Problem 12.9 - An introduction to modern geometry, Shively, Levi S

Let C be any point on the line segment AB between A and B, and let semicircles be drawn on the same side of AB, with AB, AC and CB as diameters. Then the figure whose boundary consists of these semicircles is called arbelos or a shoemaker’s knife. Let the radii of the semicircles on AB, AC, CB be r, r₁, r₂, respectively. Draw the perpendicular to AB at C, intersecting the largest semicircle at D (with the diameter AB). Also let E and F be the points of contact of the direct common tangent to the two semicircles on AC and CB, respectively. The following properties are easily verified:

a) The perimeter of the arbelos is equal to the circumference of the circle on AB as diameter.

b) The area of the arbelos is equal to the area of the circle on CD as diameter.

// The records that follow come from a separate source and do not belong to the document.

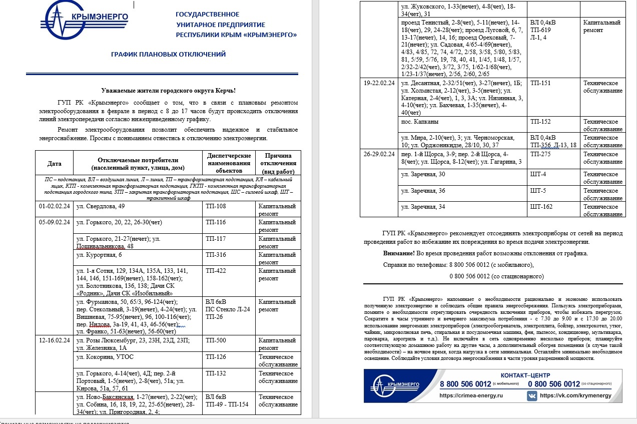 ГУП РК «Крымэнерго» предоставило графики плановых отключений в связи с ремонтными работами на февраль 2024 года. В следующем месяце будут капитальные ремонты сетей на Фурманова, Железняка, Горького, Свердлова, Курортной, Пошивальникова, - передает Керчь.ФМ.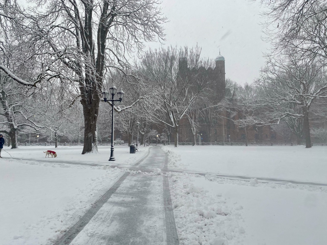 Filed under snow, New Haven Green, Phelps Hall, dogs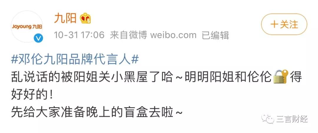 此次直播涉事品牌方是九阳,据悉邓伦自今年3月份成为九阳的代言人。九阳方面今日晚间发微博称乱说话的已经被“关小黑屋”,同时表示并没有替换代言人的打算。
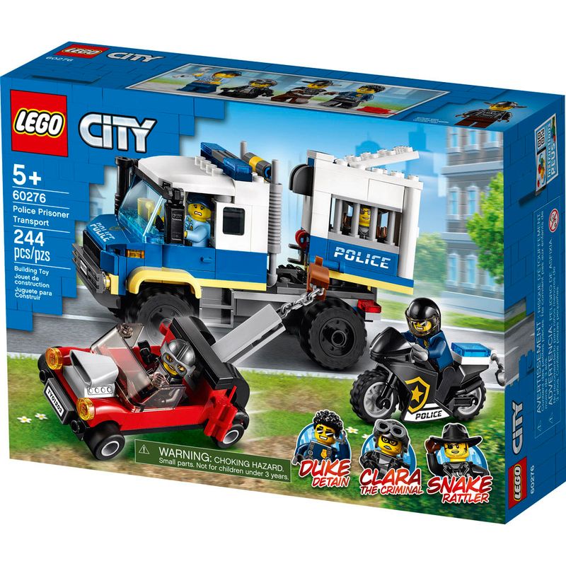 LEGO® City Transporte de Prisioneiros da Polícia (60276) traz personagens da série de Aventuras LEGO City da TV. As crianças podem recriar cenas e criar histórias com o policial herói Duke DeTain e os ladrões Snake Rattler e a criminosa Clara. Um caminhão de transporte de prisioneiros com função de fuga da prisão, reboque tunado dos ladrões e motocicleta preta ilustram a ação explosiva.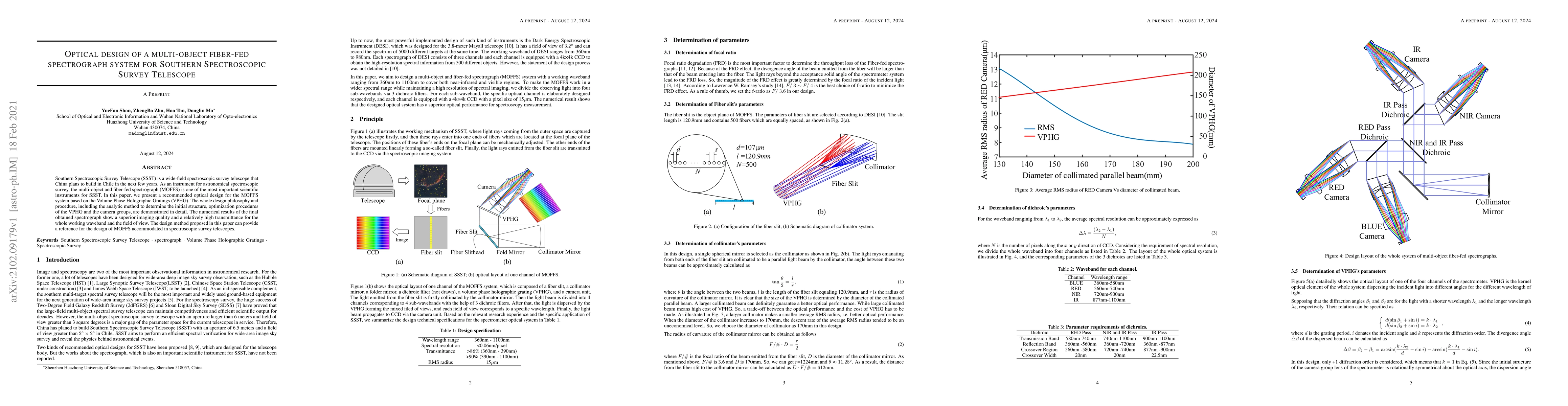 This paper presents an optical design for the multi-object fiber-fed spectrograph (MOFFS) system for the Southern Spectroscopic Survey Telescope (SSST), utilizing Volume Phase Holographic Gratings (VPHG). The detailed design process and optimization procedures demonstrate superior imaging quality and high transmittance.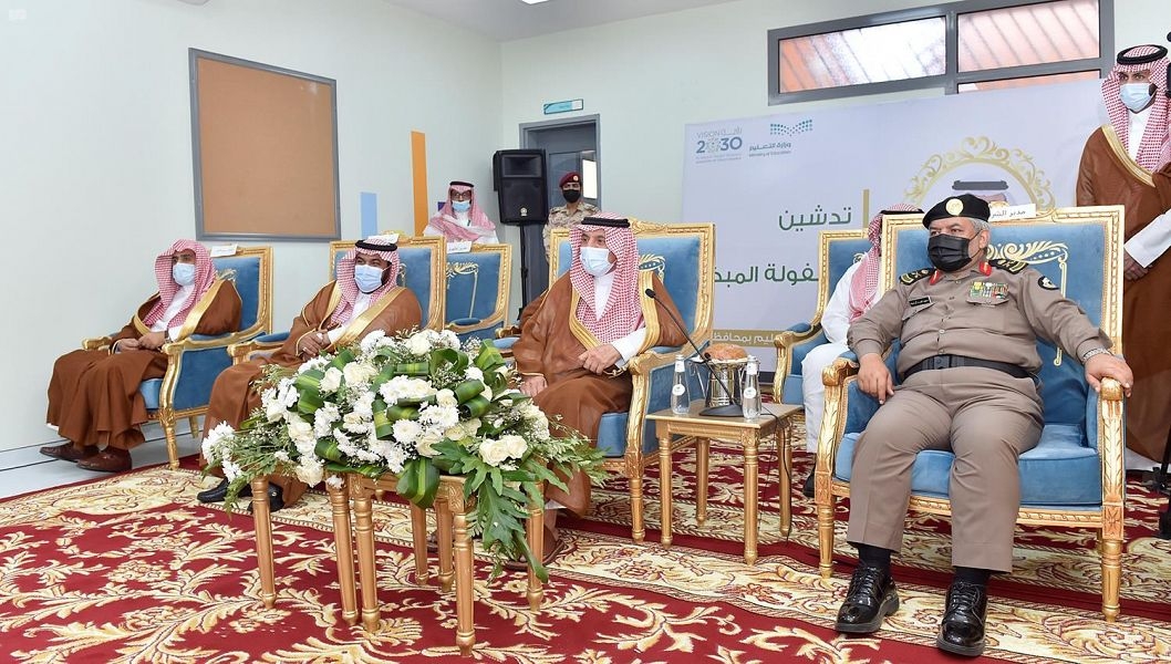 وفور وصول سموه مدرسة يدمة للطفولة المبكرة في المحافظة أزاح الستار عن اللوحة التذكارية ، بحضور محافظ يدمة موفق بن عبدالهادي العنزي.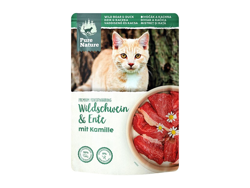 Vysoký obsah masa z divočáka a lahodné kachní maso tvoří neodolatelnou pochoutku pro kočičí šelmičky. Pure Nature kapsička Divočák a Kachna je přírodní kompletní krmivo pro dospělé kočky. Divočák a kachna tvoří perfektní kombinaci proteinů, jsou bohaté na přirozené živiny. Receptura je doplněná o heřmánek a světlicový olej.Maso z divočáka je velmi bohaté na proteiny. Přirozená strava divokých zvířat dodává masu speciální chuť a množství důležitých látek (vitamíny skupiny B, železo, draslík, fosfor, zinek). Vysoký obsah masa z divočáka (62%) dělá toto krmení pro kočky chuťově neodolatelným a velmi zdravým.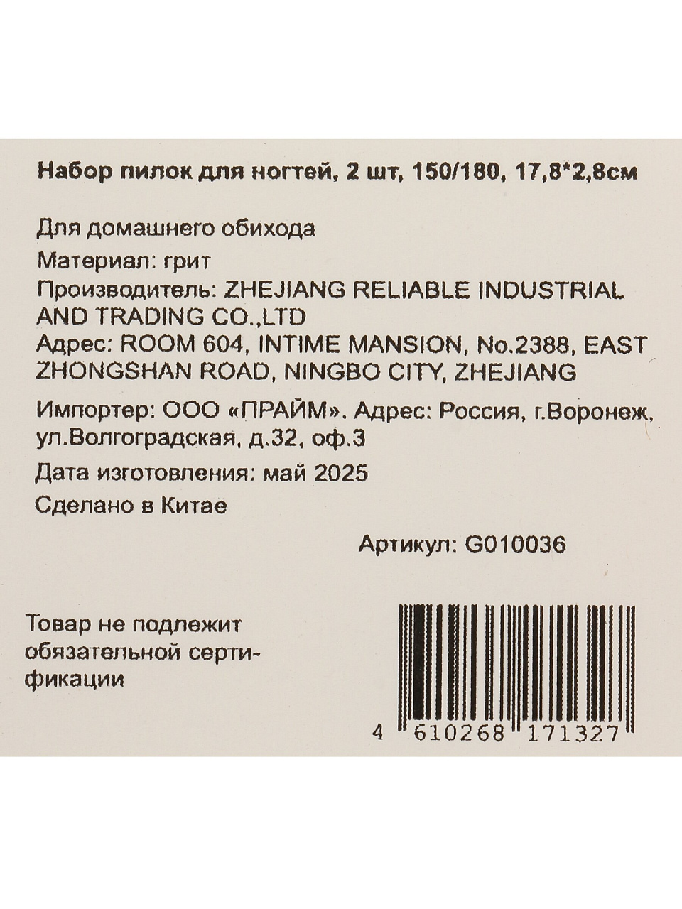 Пилка маникюрная зернистость 150/180, 2 шт, 17.8х2,8см, G020036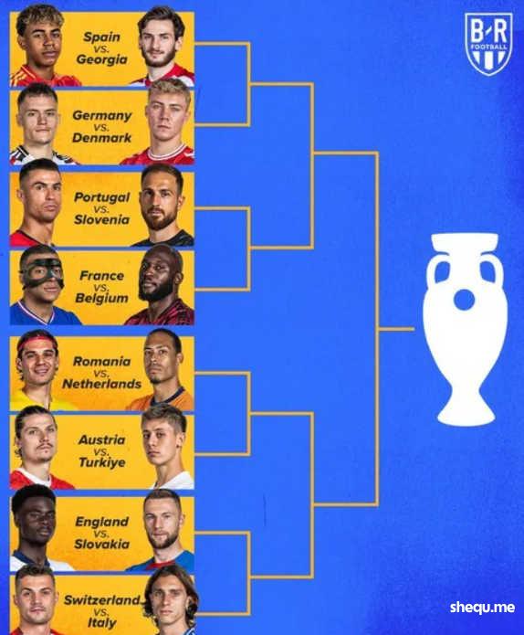 上半区:西班牙vs格鲁吉亚、德国vs丹麦、葡萄牙vs斯洛文尼亚、法国vs比利时;

c) The segment EF of the common tangent is equal to CD, and these two lines bisect each other at H. Thus, ECFD is a rectangle, and the center of its circumscribing circle is H.

d) The points A, E, D are collinear, as are also B, F, D. We now prove:

e) If a circle be drawn tangent to CD and to the semicircles on AB and AC as diameters, and another be drawn tangent to CD and to the semicircles on AB and CB as diameters, these two circles are equal.

Let the first of these circles touch the line CD at P, the semicircle on AC at Q, and the semicircle on AB at R. Let the first of these circles touch the line CD at P, the semicircle on AC at Q, and the semicircle on AB at R; and let SP be the diameter through P. Then it is easy to show that the triads A, Q, P; A, S, R; B, P, R; and C, Q, S are collinear, and that, if T be the point of intersection of AS and CD, the lines BT and CS are parallel. From this it follows that: SP/AC = ST/AT = CB/ AB, and SP = r₁r2/r.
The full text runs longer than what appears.